Autoencoder-based Optimization of Multi-user Molecule Mixture Communication Systems

TL;DR

This paper presents an autoencoder-based approach for optimizing multi-user molecular communication systems, enabling reliable, end-to-end design even with unknown or changing channels, and accounting for user priorities.

Contribution

The paper introduces a novel autoencoder scheme for multi-user molecular communication, improving performance and adaptability over existing methods.

Findings

Lower symbol error rates compared to baseline in single-user scenarios.

Reliable communication in unknown or changing channels.

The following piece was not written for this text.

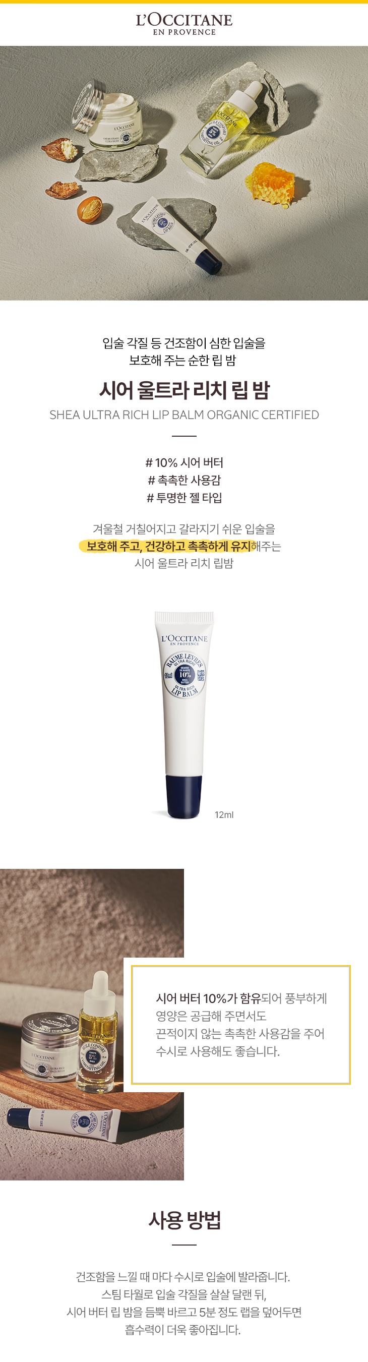| 사용방법 | 건조함을 느낄 때 마다 수시로 입술에 발라줍니다. 스팀 타월로 입술 각질을 살살 달랜 뒤, 시어버터 립 밤을 듬뿍 바르고 5분 정도 랩을 덮어두면 흡수력이 더욱 좋아집니다. |
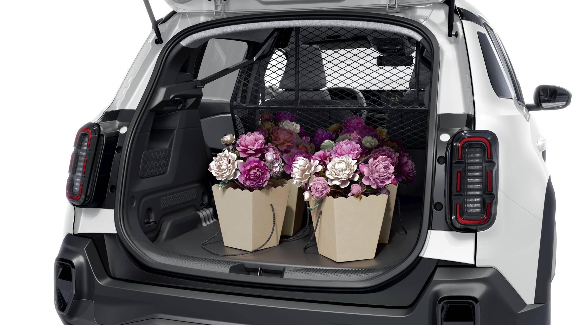 Ces deux modèles sont proposés en finition Advance pour la version Société Van et Evolution et Techno pour la version Société Réversible. Ils intègrent en lieu et place des sièges et ceintures arrière un bac thermoformé doté d’un système d’arrêt de charge et de crochets d’arrimage. La capacité de chargement est portée à 940 dm3 selon la norme VDA (soit 1 045 litres) – dont 36 dm3 (soit 55 litres) sous le plancher, un emplacement idéal par exemple pour le câble de recharge -, pour une charge utile jusqu’à 345 kilos et une longueur de chargement de 1,20 mètre. Une grille proposée en série sur la version Société Van et en option sur la version Société Réversible sépare la partie avant de l’habitacle de la zone de chargement. L’équipement inclut, en série, un cache-bagages et un tapis anti-dérapant.

Ability to prioritize users in multi-access scenarios.

Abstract

In this paper, we introduce an autoencoder (AE)-based scheme for end-to-end optimization of a multi-user molecule mixture communication system. In the proposed scheme, each transmitter leverages an encoder network that maps the user symbol to a molecule mixture. The mixtures then propagate through the channel to the receiver, which samples the channel using a non-linear, cross-reactive sensor array. A decoder network then estimates the symbol transmitted by each user based on the sensor observations. The proposed scheme achieves, for a given signal-to-noise ratio, lower symbol error rates than a baseline scheme from the literature in a single-user setting with full channel state information. We additionally demonstrate that the proposed AE-based scheme allows reliable communication when the channel is unknown or changing. Finally, we show that for multiple access the system can account for different user priorities. In summary, the proposed AE-based scheme enables end-to-end system optimization in complex scenarios unsuitable for analytical treatment and thereby brings molecular communication systems closer to real-world deployment.